Show that $X/$~ is homeomorphic to $S^2$.

Question

Let $S^2$ be the 2-sphere, and let $X$ be $\mathbb{C}^2 \setminus \left\{(0,0)\right\}$.

And define an equivalence relation ~ on X by

$(x_1, y_1)$ ~ $(x_2, y_2)$ if and only if there is t $\in \mathbb{C} \setminus \left\{0\right\}$ such that $(x_1, y_1)=(tx_2, ty_2)$.

Then show that $X/$~ is homeomorphic to $S^2$.

Here is what I thought:

For this relation, I thought I need to find a surjective continuous map $\ f : X \rightarrow S^2$ which is constant if $(x_1, y_1)$ ~ $(x_2, y_2)$.

Then this induces continuous map $\ \bar{f} : X/$~ $\rightarrow S^2$.

I guess this will be the homeomorphism what I’m trying to find.

Such $f$ probably satisfies the following property,

$f(x_1, y_1) = f(tx_2, ty_2)$ for any $t \in \mathbb{C} \setminus \left\{0\right\}$.

But I couldn’t come up with such a continuous map $\ f$.

Could you give a hint? Or any suggestion?

Thank you.

Answer 1

If one remembers that the 2-sphere is a one point compactification of the plane, the result can be proved as follows. Let $(z,w)$ be the two coordinates on $\bf C^2$. Note that the image of the line $w=0$ is just a point in our quotient space. Remove this point. Then we have to study the quotient $Q$ of the set of pairs $(z,w)$ such that $w\not =0$ by homothety.

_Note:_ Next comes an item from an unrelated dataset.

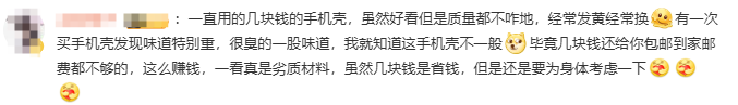 在这个话题下,有网友表示赞同,有过买到劣质手机壳的经历↓↓↓

But if $w\not = 0$, $(z,w)\sim ({z\over w},1)$, so that the map $\bf C \to \bf C^2$, $x\to (x,1)$ induces an homeomorphism between $\bf C$ and $Q$. Being the one point compactification of $Q$ (a plane), it is a sphere.

Answer 2

Consider the map $X \to \mathbb{C}\cup \{\infty\}$ given by $(x,y)\to \frac{x}{y}$ for $y\neq 0$ and $(0,y)\to \infty$. So long as you are happy $\mathbb{C}\cup\{\infty\}$ is homeomorphic to $S^2$.

Answer 3

Since $\mathbb{C} \cup \left\{\infty\right\}$ is homeomorphic to $S^2$, it suffices to show that $X/$~ is homeomorphic to $\mathbb{C} \cup \left\{\infty\right\}$.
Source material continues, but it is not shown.